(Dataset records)

....

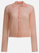 Auralee mohair wool cardigan knitted from ultra-fine South African mohair kid yarn. The knit, characterized by a light structure and smooth texture, has a delicate transparency given by the fineness of the fibers. The silhouette is defined by a relaxed shape, and the knit construction gives an airy look without structural rigidity. The garment avoids the tingling sensation typical of mohair, thanks to the incredibly fine fibers.
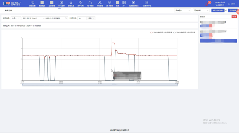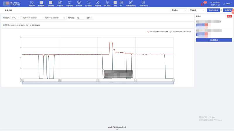 國工智能工業(yè)物聯(lián)網(wǎng)平臺具有數(shù)據(jù)監(jiān)視以及數(shù)據(jù)趨勢分析的基本功能,我們可以通過數(shù)據(jù)趨勢分析功能對矢重秤歷史數(shù)據(jù)以及實時數(shù)據(jù)進行查看、追溯。
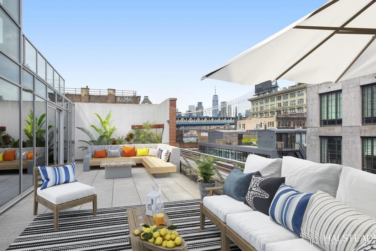 But what you see on the outside is not always an indication of what you get on the inside. This is a three-bedroom, three-bath condo with a huge layout of 2,552 square feet. There’s a great room with beamed ceilings and Siberian wide-plank flooring, and an 800-square-foot terrace with views of the East River, Manhattan Bridge, and Lower Manhattan.
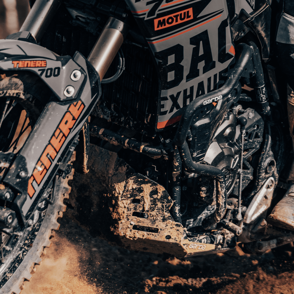 GARDA PRO Crash Bars Yamaha Tenere 700 – euro 4, euro 5. They are designed to protect the motorcycle in the harshest conditions. The main part of them is 25x2mm pipe, which is designed to withstand heavy loads. The basis of the crash bars are 3 support points per side, which gives us maximum support of the structure with optimal distribution of forces to all points. The whole thing was welded using the TIG method. We have tried to make the entire design as compact as possible to reduce drag when driving, and to reduce the weight of the structure.
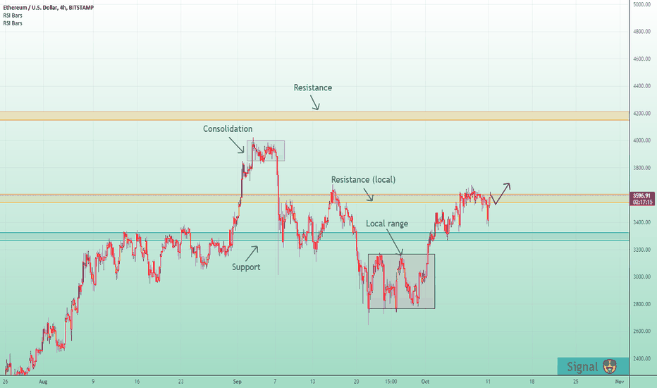 ETHUSD ❗ Strong Resistance level🤑ETH is unable to hodl above the $3600 area and broken the zone below. The candle didn't close yet, the price might just wick it off. If the candle closes below then we're expecting a dip till $3300 - $3376, which is a strong support level.
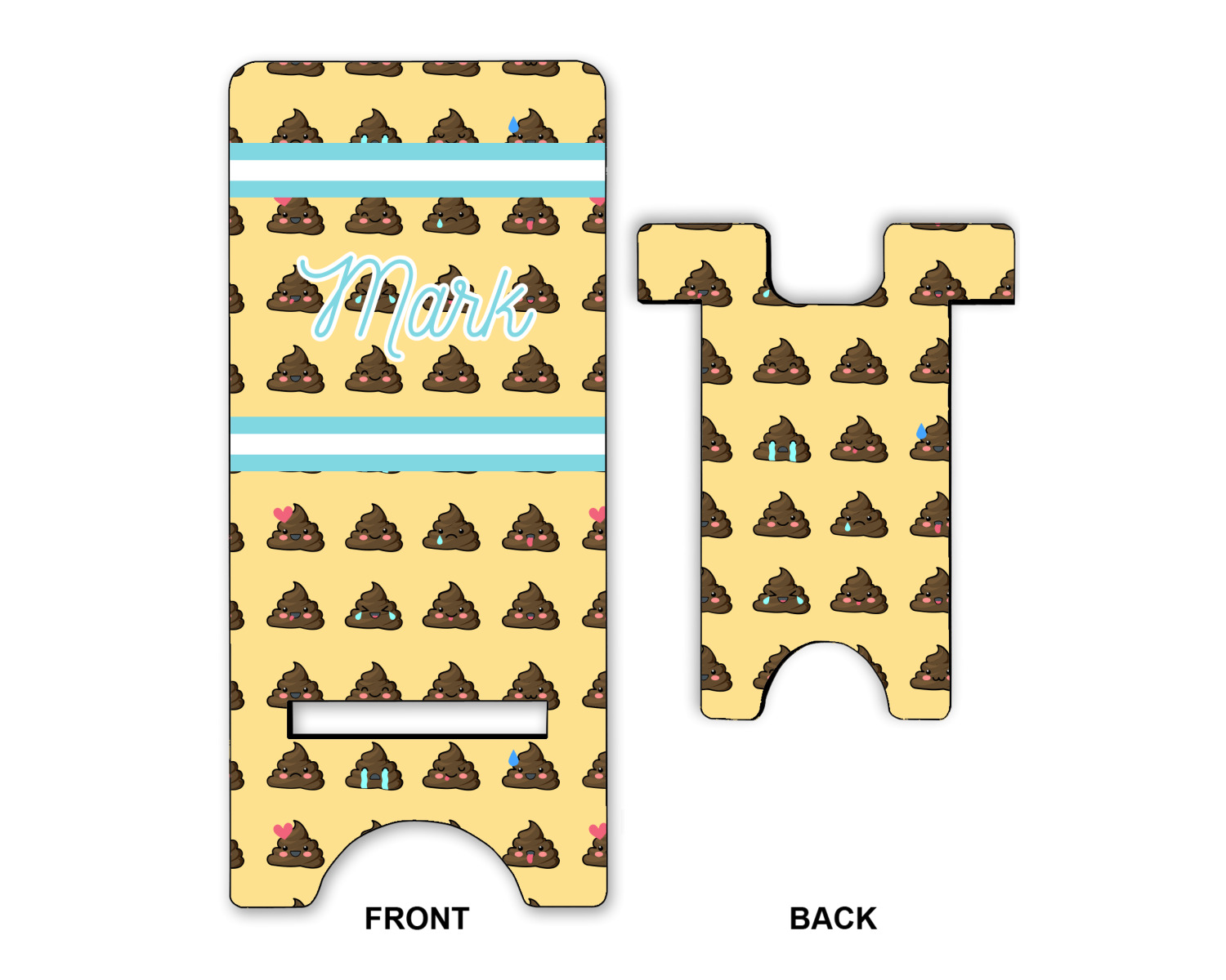The design is a fun bright yellow with brown poop emojis all over. Each emoji is making a different face! Two light teal / turquoise ribbons are use to frame your personalization in the middle of the design. The coordinating design has a fun speckled yellow background with a large poop emoji right in the middle, saying "Oh, Poo!" underneath.
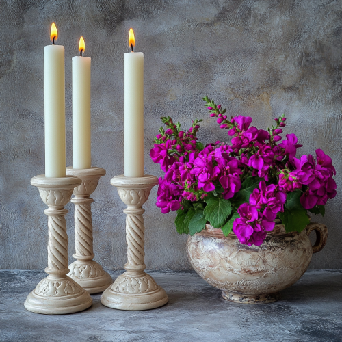 2 Shabbat candles on beautiful cream candlesticks. 2 beautiful braided chalatas with a pot with flowers in a strong fuchsia pink color. Artistic style
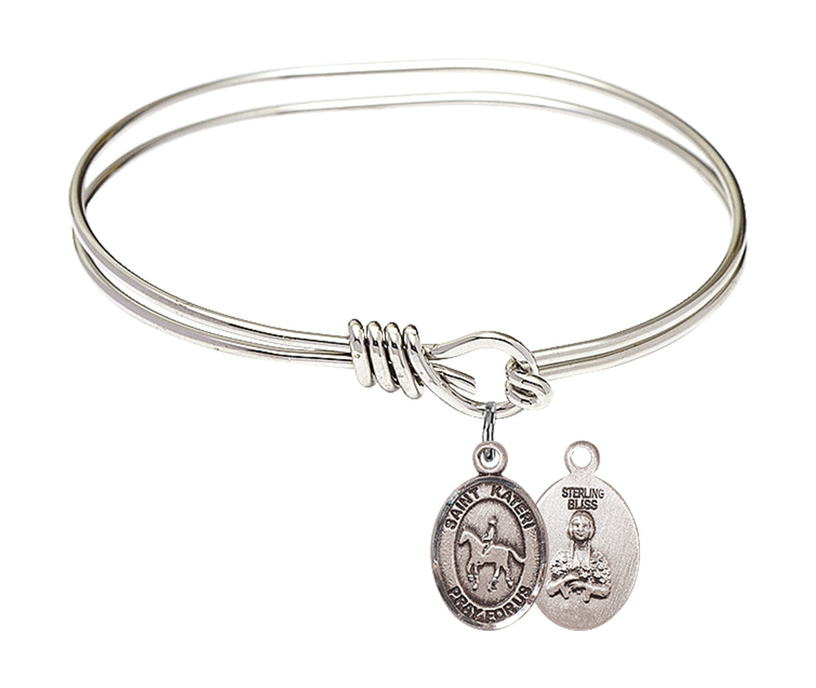 5 3/4 inch Oval Eye Hook Rhodium Bangle Bracelet with Sterling Silver St. Kateri/Equestrian Charm
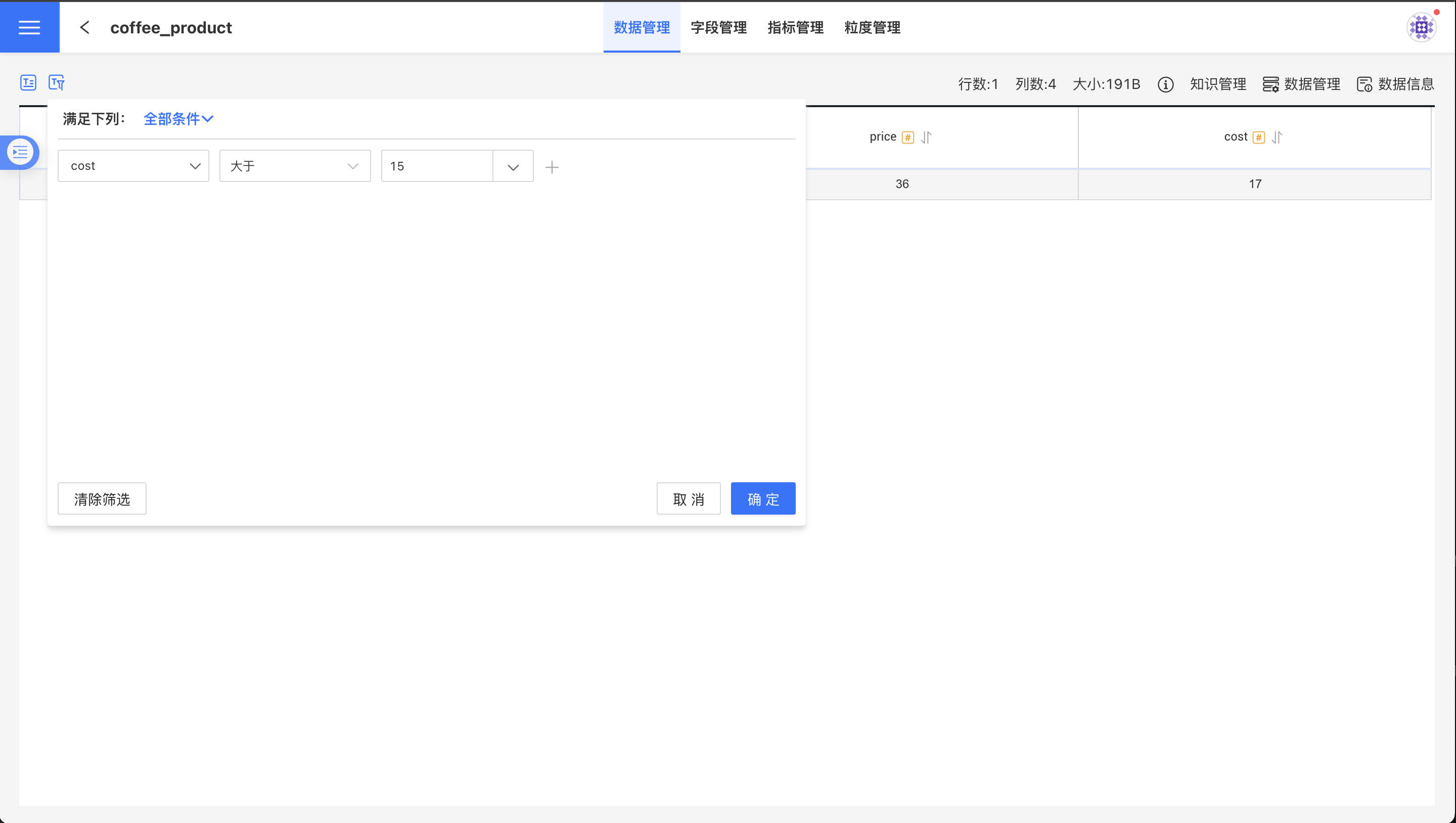 对应数据管理界面的②图标。点击筛选数据图标,弹出数据筛选弹窗,在弹窗中添加筛选条件,然后点击确定,数据集页面会显示筛选过后的数据。
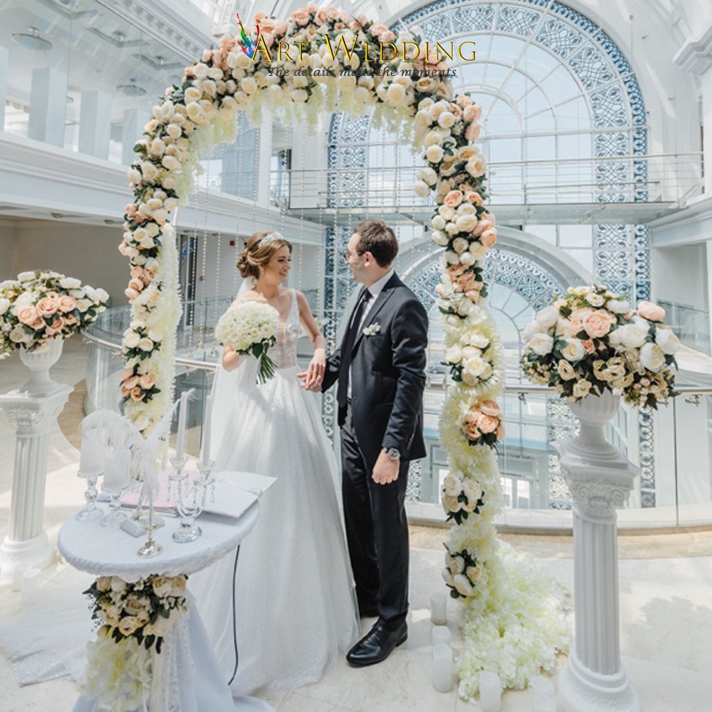 | עיצוב מקום הטקס (קישוט שולחן הרישום עם אביזרים שונים עם פרחי העונה טריים וקופסה לטבעות). | 150 |
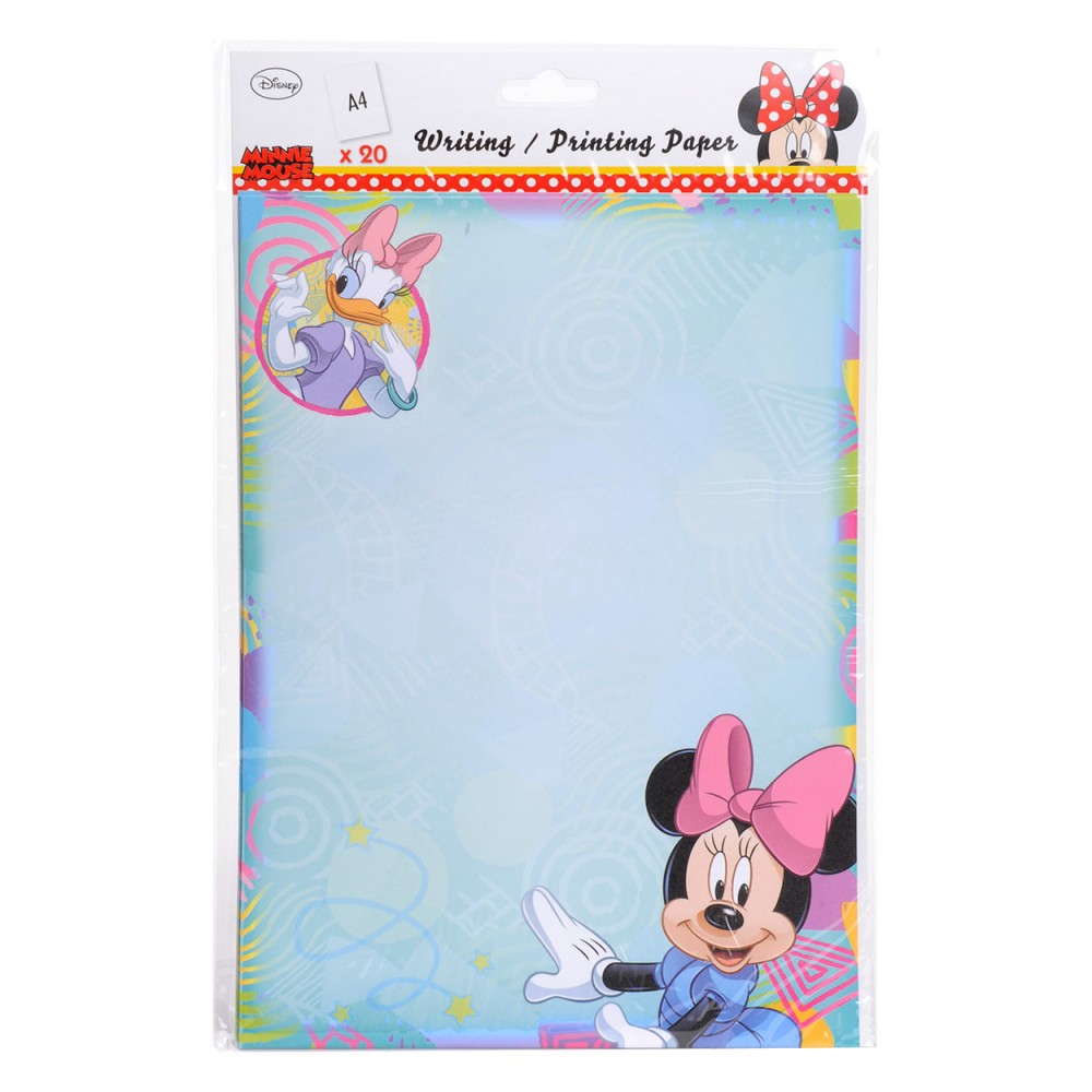 Du kan både skrive ch maling på papir dekorert med motiver av Minnie
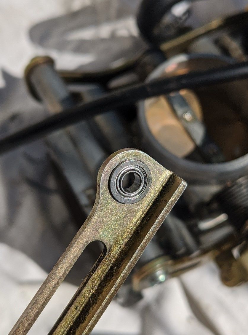 Mir ist aufgefallen, das das Verbindungsblech der beiden Vergaser sehr viel Spiel hatte. Die beiden Messingnieten und die verchromten Achsen an den Vergasern sind sehr abgenutzt. Der ganze Staub geht ja auch außen an den Vergasern vorbei.
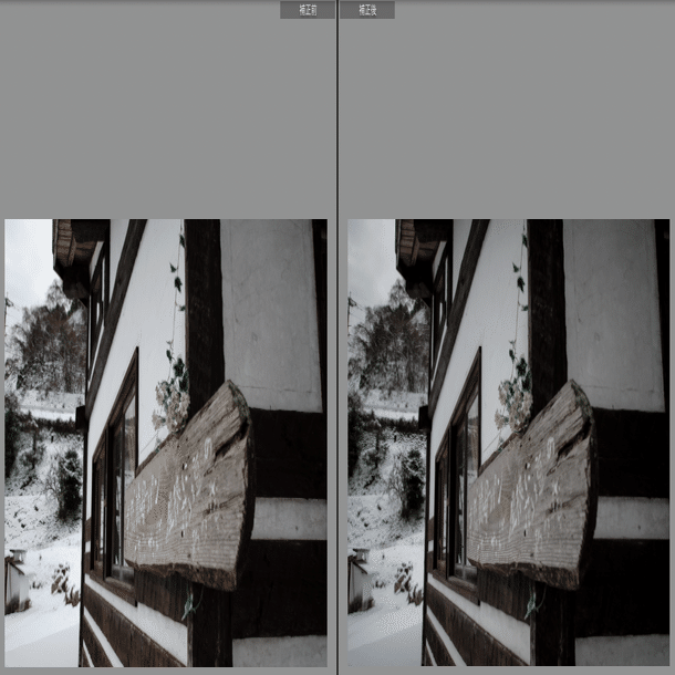 - 木材の質感と雪景色を両立させた階調設計
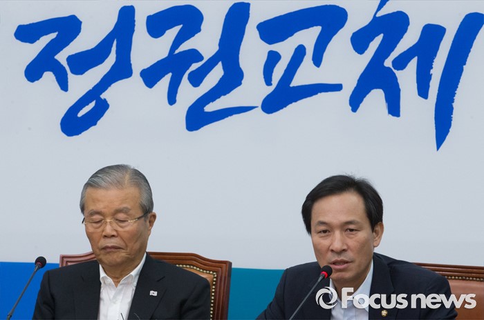 (서울=포커스뉴스) 10일 오전 서울 여의도 국회에서 열린 더불어민주당 비상대책위원회의에 참석한 우상호 원내대표가 발언을 하고 있다. 왼쪽은 김종인 비대위 대표.
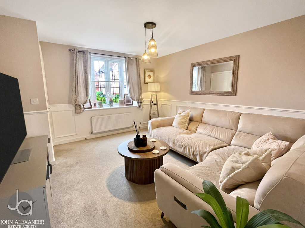 LOUNGE 13' 7" x 12' 3" (4.14m x 3.73m) Double glazed window to front, radiator, understairs cupboard.

....

• PROBLEM REQUIREMENTS
Word for word, write out the lines above running from the one with "Mir ist aufgefallen, das" up to and including the one with "(서울=포커스뉴스) 10일 오전". Drop any picture.

• OUTPUT OF THE EXERCISE
 Mir ist aufgefallen, das das Verbindungsblech der beiden Vergaser sehr viel Spiel hatte. Die beiden Messingnieten und die verchromten Achsen an den Vergasern sind sehr abgenutzt. Der ganze Staub geht ja auch außen an den Vergasern vorbei.
 - 木材の質感と雪景色を両立させた階調設計
 (서울=포커스뉴스) 10일 오전 서울 여의도 국회에서 열린 더불어민주당 비상대책위원회의에 참석한 우상호 원내대표가 발언을 하고 있다. 왼쪽은 김종인 비대위 대표.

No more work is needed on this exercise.